__What to work on__
Every line of the material is to be transcribed verbatim, with images omitted.

__Data below__
***
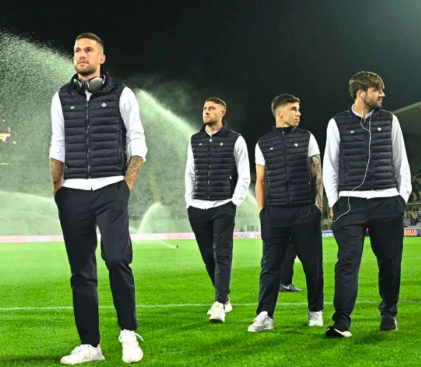 С «Фиорентиной» Montezemolo сотрудничает уже несколько лет. В основном игроков одевают в деловые наряды. Как этот – брюки, лонгсливы и жилетки. Строгий стиль, сдержанные цвета.
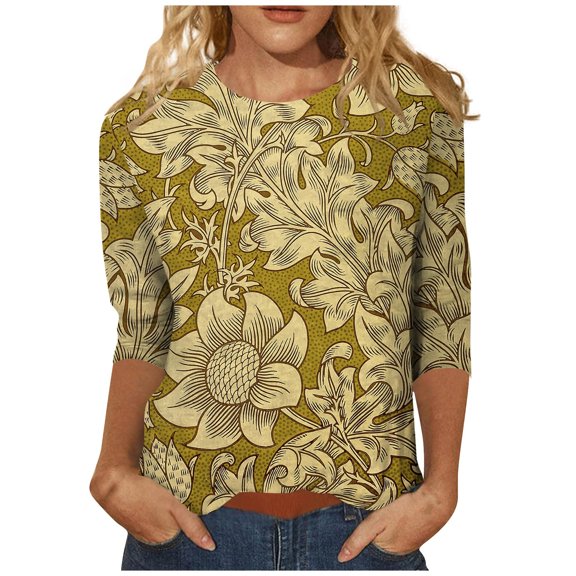 Biziza 3/4 Sleeve Blouses for Women Business Casual Elegant Polyester/Cotton Blended Fabric CrewNeck Blouses Tops (S-6XL)
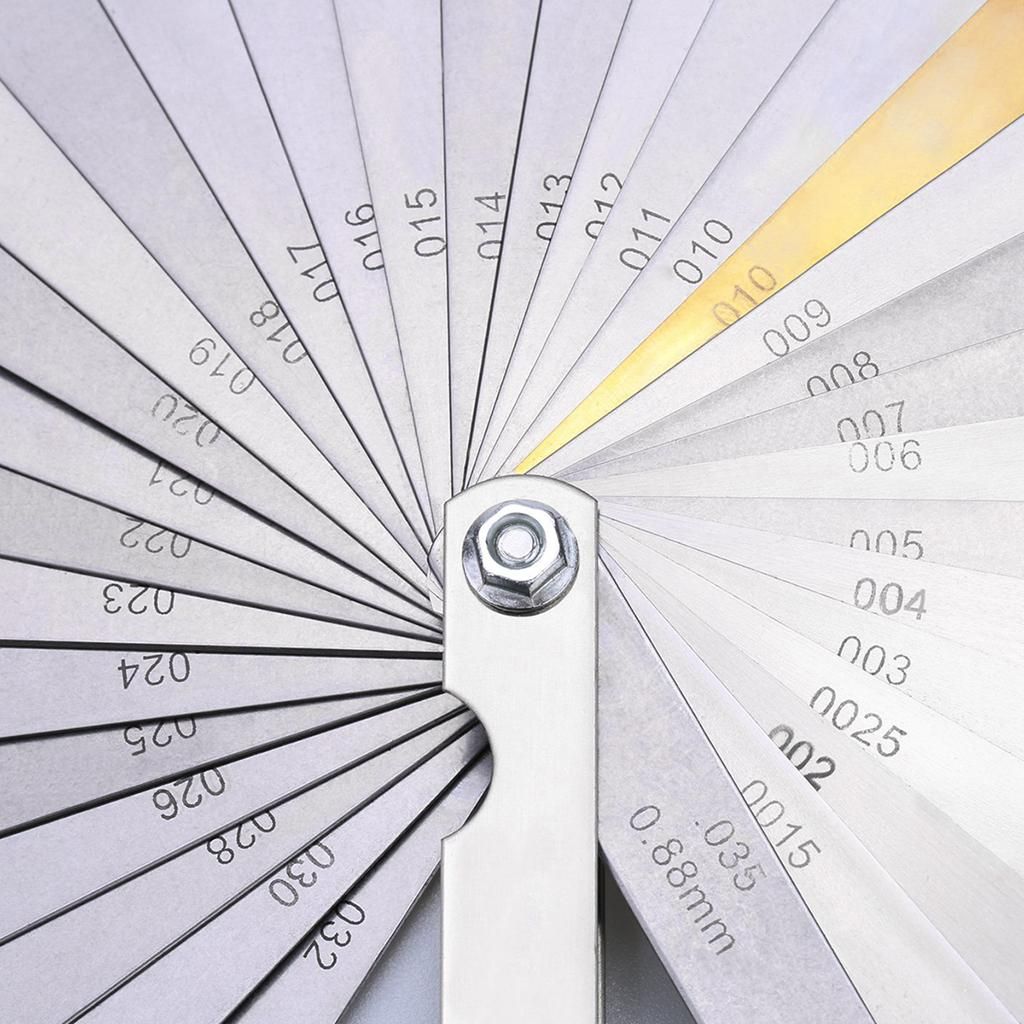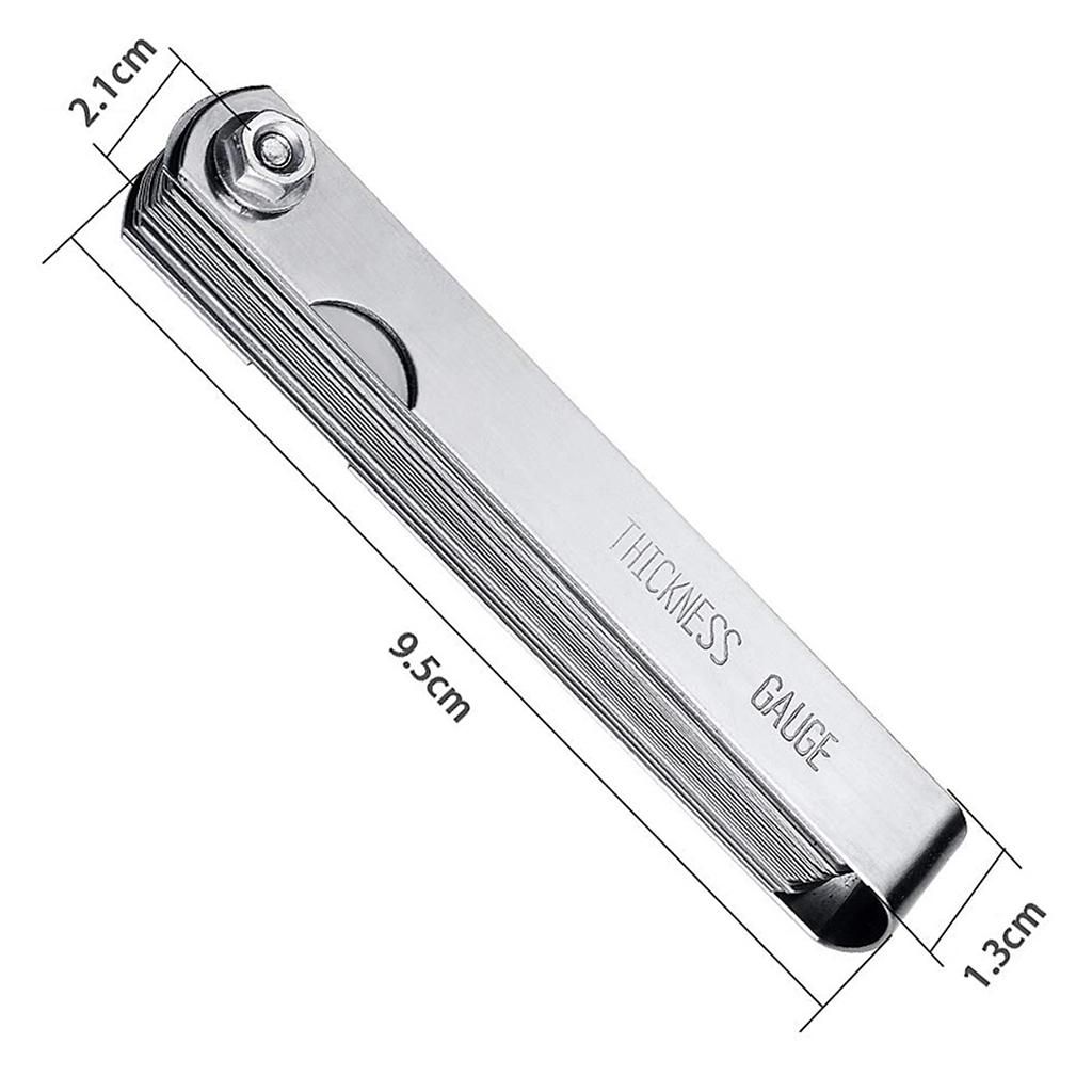 PRECISION MEASUREMENT: 32 Feeler Gauge: 32 hardened, tempered steel , measurement from 0.0015 inch (0.038 mm) to 0.035 inch (0.889 mm), it is a guitar common spacing distance measure tool, chrome plated main shaft for easy clean up and professional look.
***
__Your solution__
 С «Фиорентиной» Montezemolo сотрудничает уже несколько лет. В основном игроков одевают в деловые наряды. Как этот – брюки, лонгсливы и жилетки. Строгий стиль, сдержанные цвета.
 Biziza 3/4 Sleeve Blouses for Women Business Casual Elegant Polyester/Cotton Blended Fabric CrewNeck Blouses Tops (S-6XL)
 PRECISION MEASUREMENT: 32 Feeler Gauge: 32 hardened, tempered steel , measurement from 0.0015 inch (0.038 mm) to 0.035 inch (0.889 mm), it is a guitar common spacing distance measure tool, chrome plated main shaft for easy clean up and professional look.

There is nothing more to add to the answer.